[Start of Attachment]

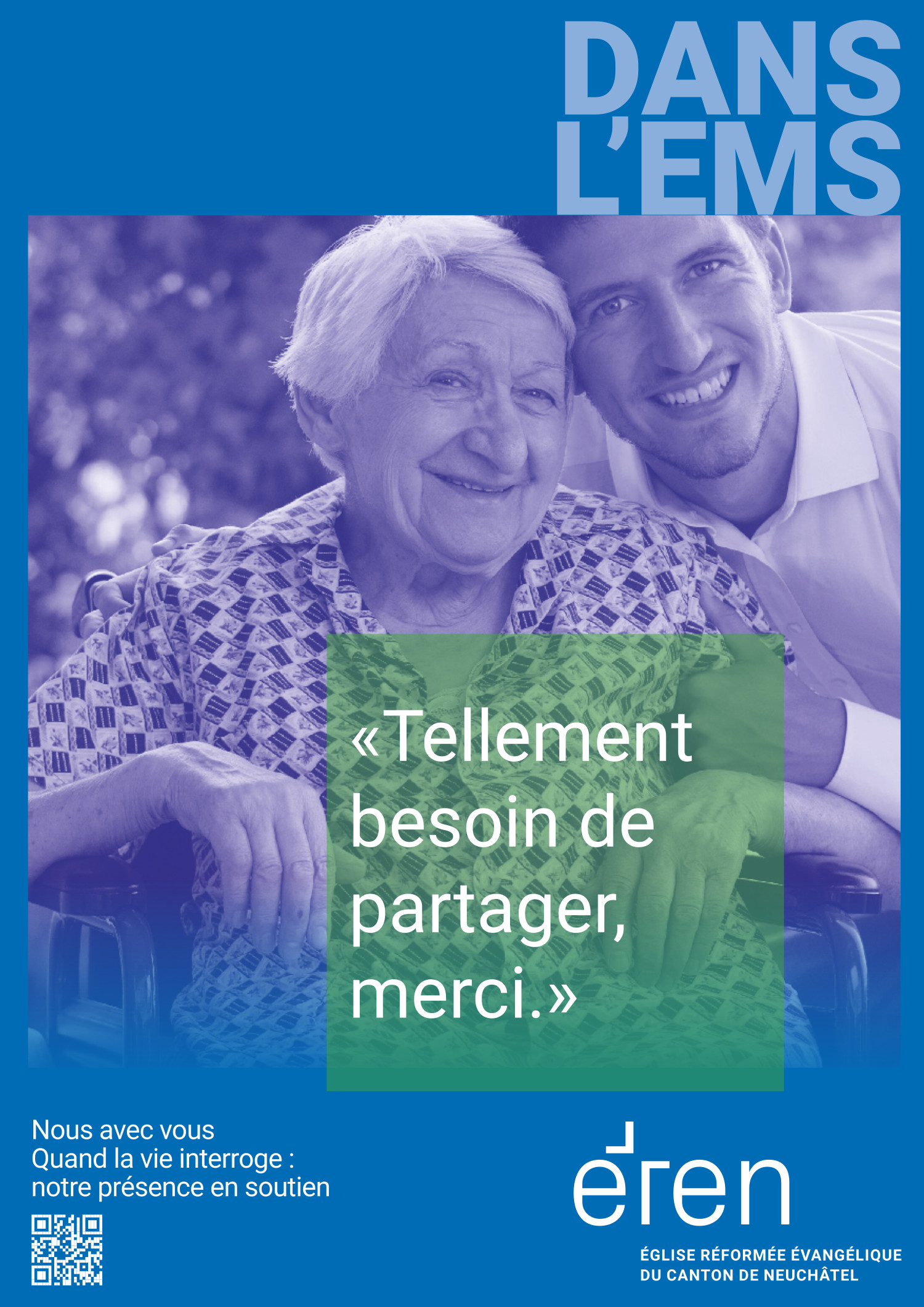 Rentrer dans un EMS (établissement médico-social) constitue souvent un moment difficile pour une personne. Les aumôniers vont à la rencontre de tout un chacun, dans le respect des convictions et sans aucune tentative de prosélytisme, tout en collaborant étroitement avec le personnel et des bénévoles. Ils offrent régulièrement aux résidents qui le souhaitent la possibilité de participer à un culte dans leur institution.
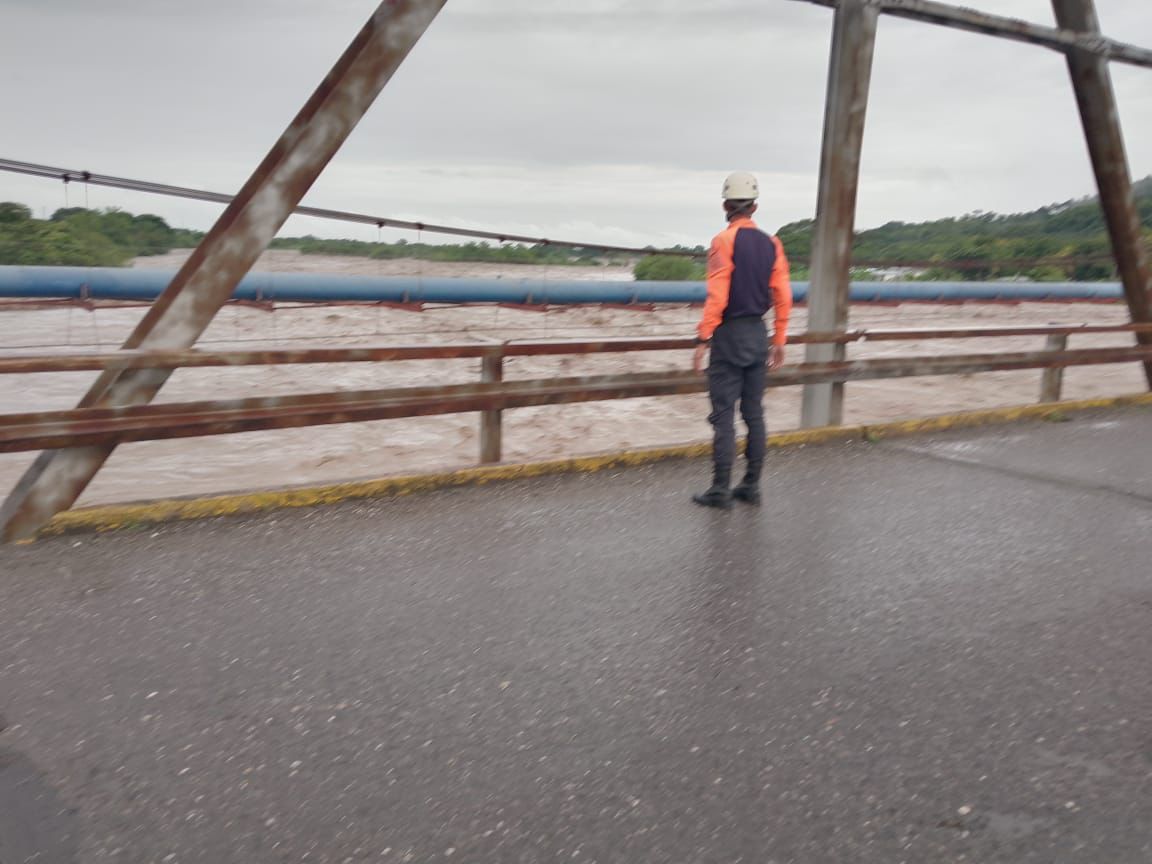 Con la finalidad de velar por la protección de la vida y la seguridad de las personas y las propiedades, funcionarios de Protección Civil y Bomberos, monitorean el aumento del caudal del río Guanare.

[End of Attachment]
[Start of Attachment]

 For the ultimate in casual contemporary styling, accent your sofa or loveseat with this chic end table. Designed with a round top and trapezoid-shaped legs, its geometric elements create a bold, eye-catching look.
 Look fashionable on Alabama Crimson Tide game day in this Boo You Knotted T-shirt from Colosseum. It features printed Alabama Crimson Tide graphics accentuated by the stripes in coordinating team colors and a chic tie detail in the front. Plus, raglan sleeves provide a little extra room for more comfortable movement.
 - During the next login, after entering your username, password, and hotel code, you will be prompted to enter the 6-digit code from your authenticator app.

[End of Attachment]

What you need to do:
Among the lines above, which ones include the word "this"? Copy them.

Written reply:
 For the ultimate in casual contemporary styling, accent your sofa or loveseat with this chic end table. Designed with a round top and trapezoid-shaped legs, its geometric elements create a bold, eye-catching look.
 Look fashionable on Alabama Crimson Tide game day in this Boo You Knotted T-shirt from Colosseum. It features printed Alabama Crimson Tide graphics accentuated by the stripes in coordinating team colors and a chic tie detail in the front. Plus, raglan sleeves provide a little extra room for more comfortable movement.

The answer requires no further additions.